A pharma millionaire is suing four hunters for $7 million, and the results will have a huge impact

OnX is an app that’s intended to help hunters find public land so they can go after deer, elk, or whatever they happen to be hunting. At first glance, that may not seem like news, but users of that app get an invaluable view of just who owns the property around them, which is critical when trying to reach public lands where hunting is legal. They have also gotten a very clear view of something that is otherwise hidden from the public: how corporations, millionaires, and billionaires have blocked out huge chunks of public property so that they alone can access it—without paying a dime.

They do this by creating public land “islands,” areas that are surrounded by privately held property. The public lands in these islands become de facto parts of the surrounding property. In most states, there is absolutely no rule that says the property owners have to do anything to allow access to that island of land.

Now, in what may be one of the most egregious case of someone using their power and wealth to bully both local residents and officials, drug company executive Fredric Eshelman—net worth $380 million—is trying to make the situation even worse. He’s trying to block off huge areas of land even when he doesn’t surround them, by pressing a case that would make it much easier to prevent the public from reaching public land.

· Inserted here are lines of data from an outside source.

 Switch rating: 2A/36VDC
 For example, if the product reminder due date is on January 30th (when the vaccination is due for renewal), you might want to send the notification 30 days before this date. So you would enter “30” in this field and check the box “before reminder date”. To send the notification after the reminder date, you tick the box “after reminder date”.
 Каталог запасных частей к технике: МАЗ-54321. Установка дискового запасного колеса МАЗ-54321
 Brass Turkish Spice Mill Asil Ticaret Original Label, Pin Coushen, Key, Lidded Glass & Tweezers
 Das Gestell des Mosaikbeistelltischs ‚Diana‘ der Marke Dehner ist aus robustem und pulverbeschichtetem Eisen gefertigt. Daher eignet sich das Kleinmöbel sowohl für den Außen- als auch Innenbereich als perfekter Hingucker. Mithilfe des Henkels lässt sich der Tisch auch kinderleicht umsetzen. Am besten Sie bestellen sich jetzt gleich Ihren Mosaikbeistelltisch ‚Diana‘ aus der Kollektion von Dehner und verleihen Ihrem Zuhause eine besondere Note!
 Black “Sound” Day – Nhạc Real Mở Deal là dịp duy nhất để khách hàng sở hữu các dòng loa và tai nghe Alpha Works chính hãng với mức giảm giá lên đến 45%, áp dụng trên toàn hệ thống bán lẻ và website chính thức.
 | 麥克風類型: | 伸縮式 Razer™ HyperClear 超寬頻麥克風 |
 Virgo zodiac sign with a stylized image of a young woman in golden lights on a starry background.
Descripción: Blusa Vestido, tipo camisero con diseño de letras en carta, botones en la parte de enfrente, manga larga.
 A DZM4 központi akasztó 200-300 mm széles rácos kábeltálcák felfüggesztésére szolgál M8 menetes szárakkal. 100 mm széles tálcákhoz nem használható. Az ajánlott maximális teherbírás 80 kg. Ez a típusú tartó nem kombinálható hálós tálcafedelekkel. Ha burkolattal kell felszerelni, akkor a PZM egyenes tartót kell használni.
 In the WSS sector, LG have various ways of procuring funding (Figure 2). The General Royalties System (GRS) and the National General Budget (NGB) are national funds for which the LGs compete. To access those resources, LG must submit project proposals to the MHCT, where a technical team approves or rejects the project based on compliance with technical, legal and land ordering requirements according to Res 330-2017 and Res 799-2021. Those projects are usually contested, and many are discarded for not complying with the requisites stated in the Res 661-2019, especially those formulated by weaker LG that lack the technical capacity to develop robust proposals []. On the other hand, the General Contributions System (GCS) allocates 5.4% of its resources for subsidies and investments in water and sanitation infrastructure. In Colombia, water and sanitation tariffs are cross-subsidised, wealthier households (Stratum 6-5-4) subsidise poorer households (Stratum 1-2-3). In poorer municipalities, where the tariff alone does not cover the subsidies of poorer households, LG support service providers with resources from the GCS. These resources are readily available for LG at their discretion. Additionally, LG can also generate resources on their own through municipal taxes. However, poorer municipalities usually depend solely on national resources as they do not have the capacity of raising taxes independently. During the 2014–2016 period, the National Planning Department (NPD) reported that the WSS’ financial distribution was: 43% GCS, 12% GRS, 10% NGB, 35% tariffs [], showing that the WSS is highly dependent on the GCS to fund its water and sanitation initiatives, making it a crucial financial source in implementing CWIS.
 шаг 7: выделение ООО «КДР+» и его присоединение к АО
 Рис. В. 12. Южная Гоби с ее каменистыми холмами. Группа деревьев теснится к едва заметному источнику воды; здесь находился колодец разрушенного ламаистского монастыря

In the process, Eshelman is trying to financially destroy four hunters for “trespassing,” even though they literally never set one foot on his property. The outcome of this case will affect not just hunters and fishermen, but hikers, bird watchers, artists, photographers, and anyone who simply wants to access land that belongs to all of us.

As The New York Times reported on Saturday, the OnX app is at the center of the controversial case now being tried in Carbon County, Wyoming, because that app was used by Missouri bow hunter Bradly Cape in plotting how out he would access the public lands around Elk Mountain in Wyoming.

Well aware of how prickly many land owners are about hunters crossing their property, Cape located an area of “checkerboard” control. That is, the land is divided into one mile-by-one mile sections, half of which are public property, half of which are privately owned, like the black and white squares on a checkboard.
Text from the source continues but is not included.